--- SOURCE MATERIAL ---

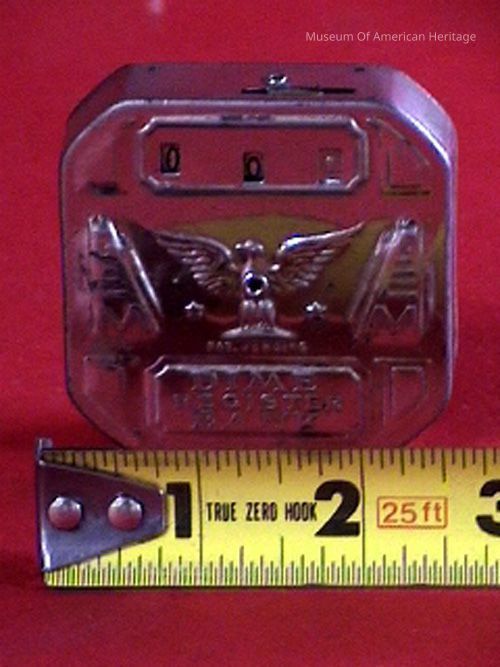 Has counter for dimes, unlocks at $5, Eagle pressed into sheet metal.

* * *

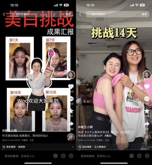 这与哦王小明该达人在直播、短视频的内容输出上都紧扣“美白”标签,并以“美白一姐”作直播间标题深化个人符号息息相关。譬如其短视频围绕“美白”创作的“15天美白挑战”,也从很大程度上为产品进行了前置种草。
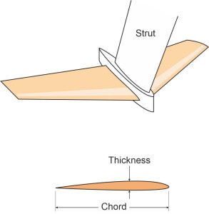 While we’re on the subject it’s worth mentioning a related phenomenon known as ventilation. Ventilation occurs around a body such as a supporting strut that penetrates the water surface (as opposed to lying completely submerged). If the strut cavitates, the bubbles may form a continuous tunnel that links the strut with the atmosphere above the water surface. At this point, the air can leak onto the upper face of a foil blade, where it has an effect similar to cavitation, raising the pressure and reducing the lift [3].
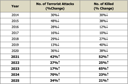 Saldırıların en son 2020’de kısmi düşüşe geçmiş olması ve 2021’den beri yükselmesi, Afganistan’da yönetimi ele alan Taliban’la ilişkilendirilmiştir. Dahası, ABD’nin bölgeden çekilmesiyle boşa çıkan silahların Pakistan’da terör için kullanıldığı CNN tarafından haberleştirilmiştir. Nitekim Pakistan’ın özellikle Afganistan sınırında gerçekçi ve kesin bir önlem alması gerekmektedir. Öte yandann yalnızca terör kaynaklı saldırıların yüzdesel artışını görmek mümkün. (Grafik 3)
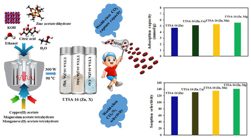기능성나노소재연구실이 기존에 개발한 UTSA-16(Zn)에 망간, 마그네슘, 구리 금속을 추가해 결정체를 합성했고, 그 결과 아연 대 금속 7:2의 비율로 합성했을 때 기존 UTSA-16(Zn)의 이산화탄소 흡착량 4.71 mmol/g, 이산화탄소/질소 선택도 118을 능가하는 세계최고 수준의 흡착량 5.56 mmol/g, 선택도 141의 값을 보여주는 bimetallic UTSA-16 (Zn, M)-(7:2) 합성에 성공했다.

--- WHAT YOU ARE ASKED TO DO ---
Look back over the records above. Reproduce exactly everything from the line with "Saldırıların en son" down to the line with "기능성나노소재연구실이 기존에 개발한", inclusive, and leave the pictures out.

--- SOLUTION TO THE PROBLEM ---
 Saldırıların en son 2020’de kısmi düşüşe geçmiş olması ve 2021’den beri yükselmesi, Afganistan’da yönetimi ele alan Taliban’la ilişkilendirilmiştir. Dahası, ABD’nin bölgeden çekilmesiyle boşa çıkan silahların Pakistan’da terör için kullanıldığı CNN tarafından haberleştirilmiştir. Nitekim Pakistan’ın özellikle Afganistan sınırında gerçekçi ve kesin bir önlem alması gerekmektedir. Öte yandann yalnızca terör kaynaklı saldırıların yüzdesel artışını görmek mümkün. (Grafik 3)
기능성나노소재연구실이 기존에 개발한 UTSA-16(Zn)에 망간, 마그네슘, 구리 금속을 추가해 결정체를 합성했고, 그 결과 아연 대 금속 7:2의 비율로 합성했을 때 기존 UTSA-16(Zn)의 이산화탄소 흡착량 4.71 mmol/g, 이산화탄소/질소 선택도 118을 능가하는 세계최고 수준의 흡착량 5.56 mmol/g, 선택도 141의 값을 보여주는 bimetallic UTSA-16 (Zn, M)-(7:2) 합성에 성공했다.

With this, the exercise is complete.